Exploiting a signaling pathway disruption that sensitizes tumor cells to a particular drug

Scientists at LMU have shown that a signaling pathway that is disrupted in Ewing sarcoma specifically sensitizes tumor cells to a particular drug. The finding may open a route to new therapies for the most aggressive forms of the disease.
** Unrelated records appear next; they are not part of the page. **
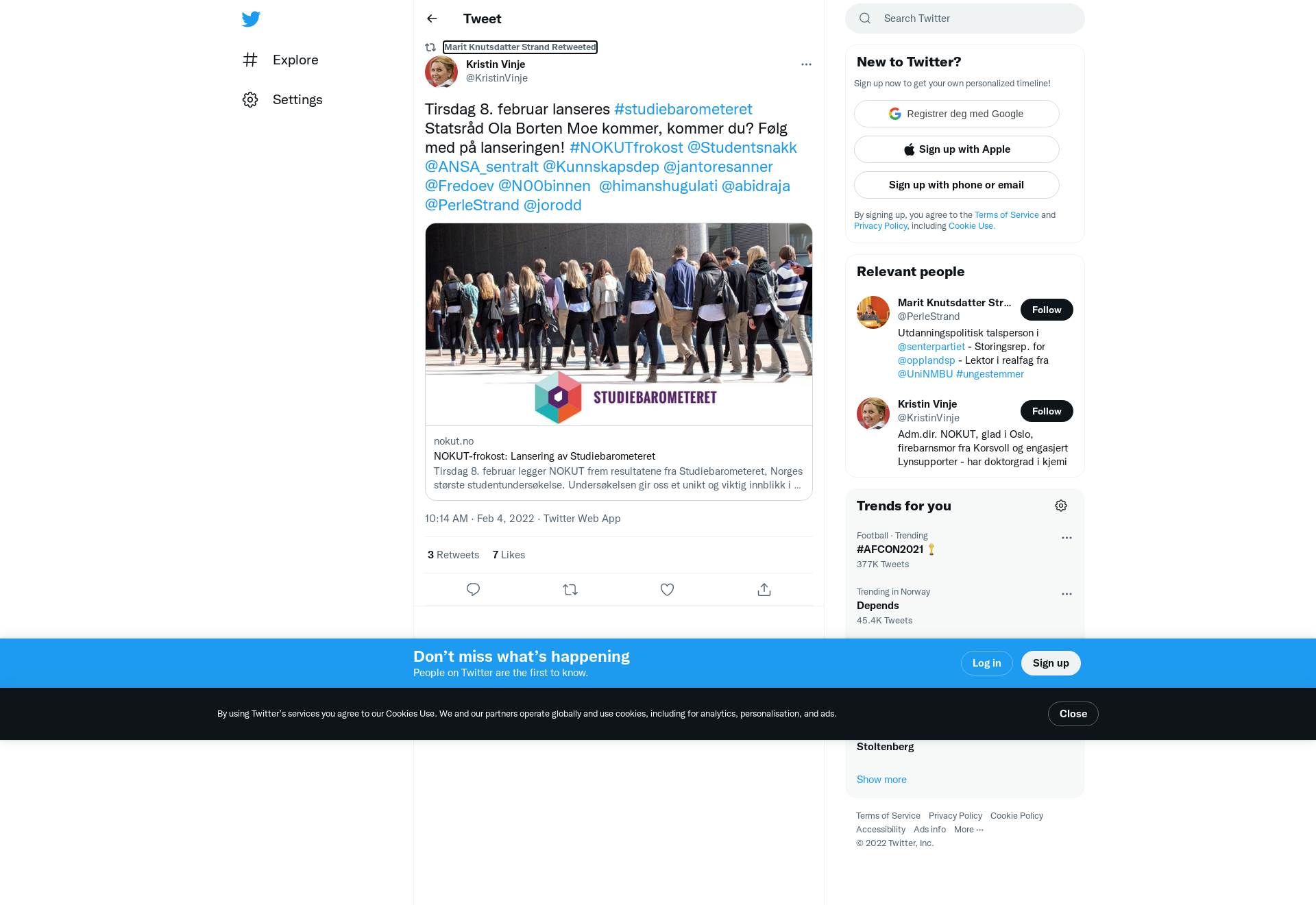 RT @KristinVinje: Tirsdag 8. februar lanseres #studiebarometeret Statsråd Ola Borten Moe kommer, kommer du? Følg med på lanseringen! #NOKUTfrokost @Studentsnakk @ANSA_sentralt @Kunnskapsdep @jantoresanner @Fredoev @N00binnen @himanshugulati @abidraja @PerleStrand @jorodd https://t.co/x6VQA0m9jL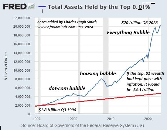 現状維持の最後の切り札は、すべての人に無限の富の幻想を生み出す信用資産バブルです。もちろん、資産を所有する人々は富を手に入れ、その下の人々は「トリクルダウン」効果によって富を分け合うことになります。つまり、あなたが100万ドルの別荘を購入すると、私は駐車場に車を停めて、街で働きながら車の中で暮らすことになるのです。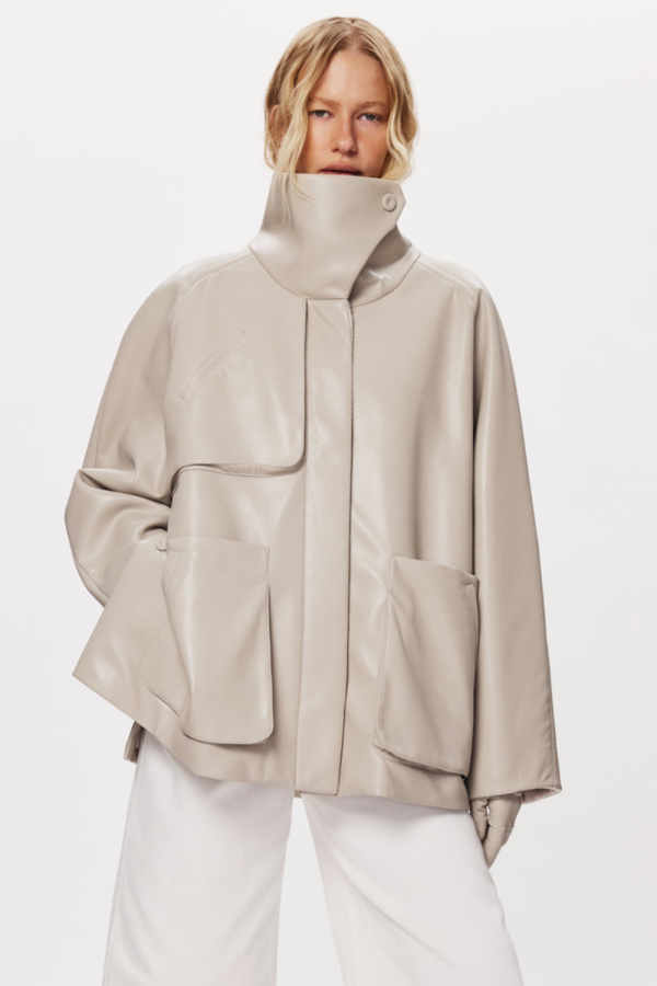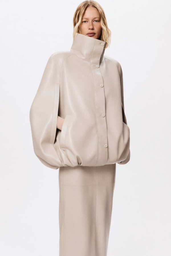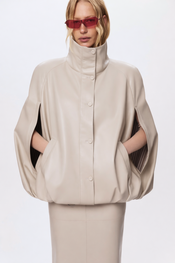 Бомбер-кейп з екошкіри з високим коміром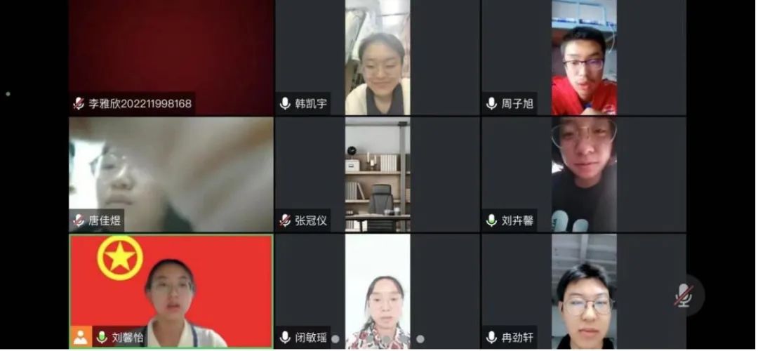 5月13日晚,cn影院 2021级学硕一班线上召开了以“增强团员意识,争做‘五个模范’”为主题的团日活动。本次活动由团支书牛佳慧同学主持。活动由五项内容组成,分别是政治生日会、理论学习会、线上观展、主题团课以及实践活动分享。全体参会团员一齐合唱团歌,重温入团誓词,参会同学交流分享了各自的入团初心及入团以来的心得感受。全体同学共同对团章进行了回顾,并学习了习近平总书记在庆祝中国共产主义青年团成立100周年大会上的讲话。随后,同学们一同进入了线上展厅,参观了cn影院 青年运动主题展,一同感受了变革图强、育人兴邦梦想的一代代北师大先进青年留下的青春业绩。在第四个环节——以回顾党的青年运动史为主题的团课上,参会同学们分享了自己观展的心得感受。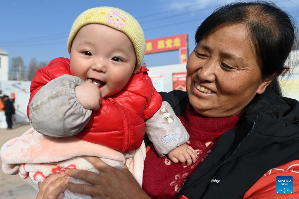 A villager holds a baby at a temporary relocation site in Tuanjie Village of Liuji Township, Jishishan County, northwest China's Gansu Province, Jan. 1, 2024. All forces continued to stick to their posts at the temporary relocation sites for quake-affected people in northwest China's Gansu Province and the neighboring Qinghai Province on the first day of 2024. (Xinhua/Fan Peishen)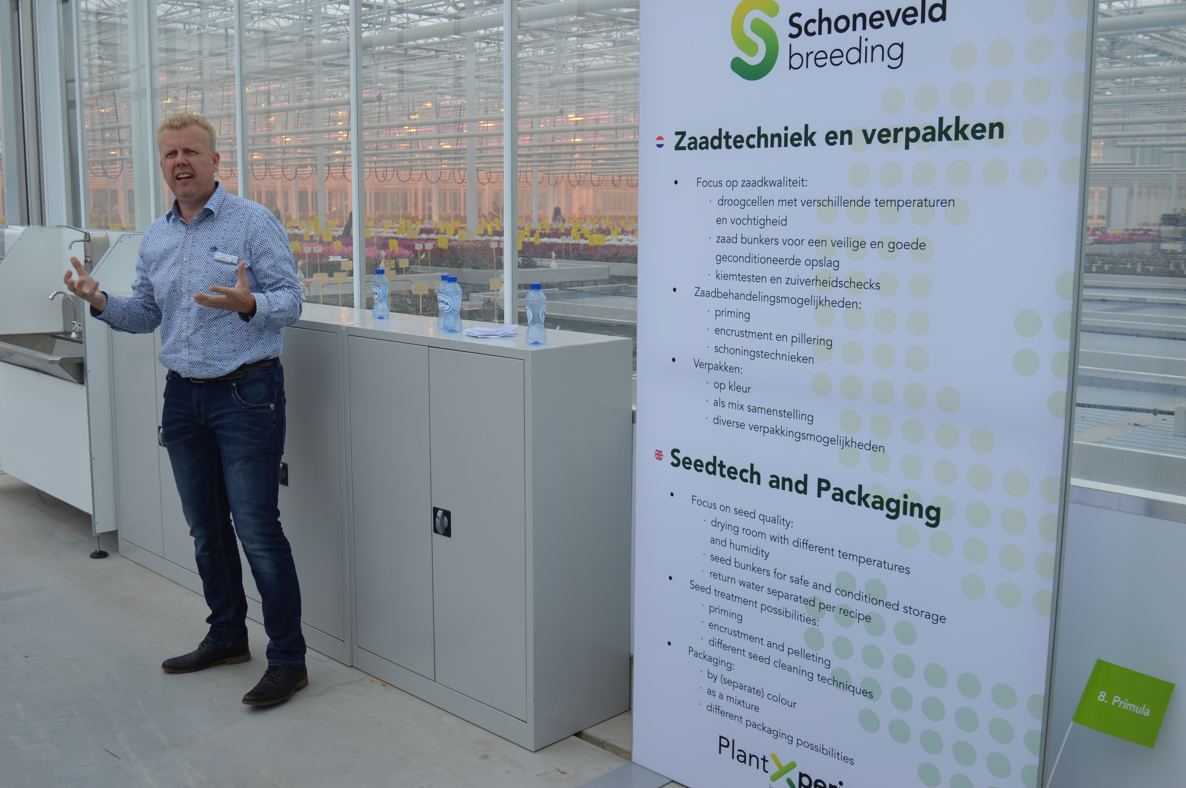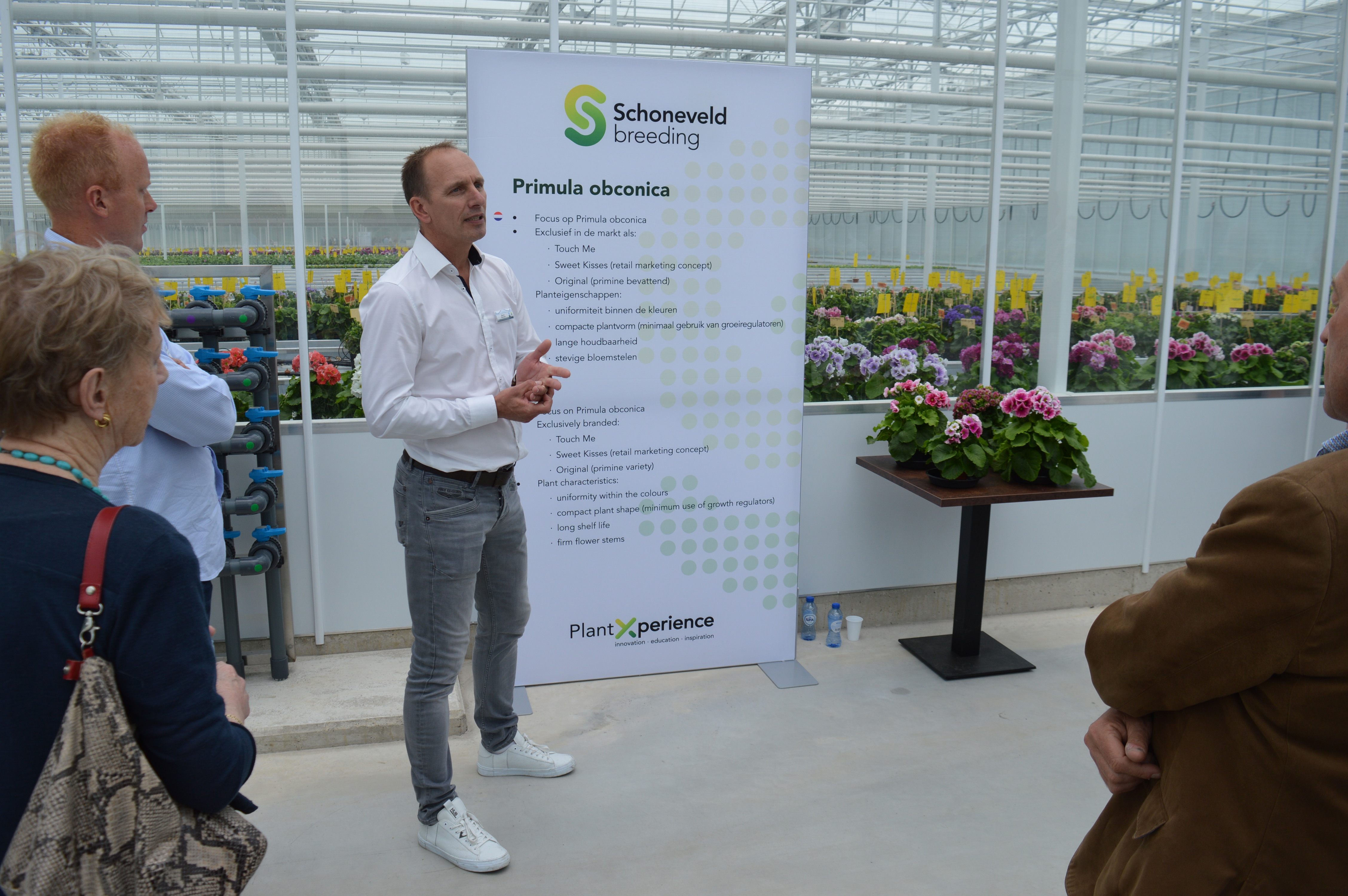 Marco Persoon vertelt het verhaal van de primula. Sinds de jaren 90 is Schoneveld zich gaan bezighouden met de veredeling, en dat resulteerde o.a. in het vinden van een priminevrije variant. Dat was een doorbraak, want de stof zorgde bij veel mensen voor huidirritatie. Na nog enkele jaren veredelen bracht men de primineloze varianten in 2002 op de markt onder het binnen het wereldje nog altijd bekende merk Touch Me.

Ewing sarcoma is the second most frequent type of bone cancer found in children and adolescents. A spontaneous mutation, which results in the formation of an oncogenic gene fusion, is a prerequisite for the onset of this disease. The protein encoded by the fusion oncogene activates other genes, and triggers a process that can progress to the malignant stage. The relative severity of the disease may be influenced by the nature of genetic variants present at other gene loci in individual carriers of the fusion oncogene. LMU researchers led by Thomas Grünewald, Leader of the Max-Eder Research Group for Pediatric Sarcoma Biology in the Institute of Pathology at LMU and a Division Head at the German Center for Cancer Research (DKFZ) in Heidelberg, have now identified one of the genes that is aberrantly activated by the fusion oncogene—and shown that it makes the tumor selectively susceptible to pharmacological attack. The project was mainly funded by the German Cancer Aid (Deutsche Krebshilfe), and the findings appear in the online journal Nature Communications.

The therapeutic strategies available for the treatment of Ewing sarcoma are limited, as demonstrated by the fact that in approximately one-third of patients, tumor remission is eventually followed by—often fatal—relapse. This underlines the need for alternative approaches to treatment of the malignancy. “For various reasons, the protein encoded by the fusion oncogene itself is not a suitable drug target,” says Grünewald. “So we began a search for surrogate targets among the genes that are activated by the fusion oncogene, focusing on those that are known to play a role in controlling the normal course of bone development. This search revealed that the gene SOX6 is markedly overexpressed in Ewing sarcoma.” During the normal growth of bone, SOX6 is activated for a short time only, and triggers a massive but brief burst of cell proliferation. “When we silenced the activity of SOX6 in cell lines derived from patients with Ewing sarcoma, the rate of cell and tumor growth in our model systems was significantly reduced. We assume that SOX6 is continuously activated by the fusion oncogene, and that this in part accounts for the unchecked growth of these tumors,” says Grünewald.

The fact that the SOX6 signaling pathway is deregulated in Ewing sarcoma cells should in principle make them specifically vulnerable to elimination, because the SOX6 protein also induces a cellular stress response.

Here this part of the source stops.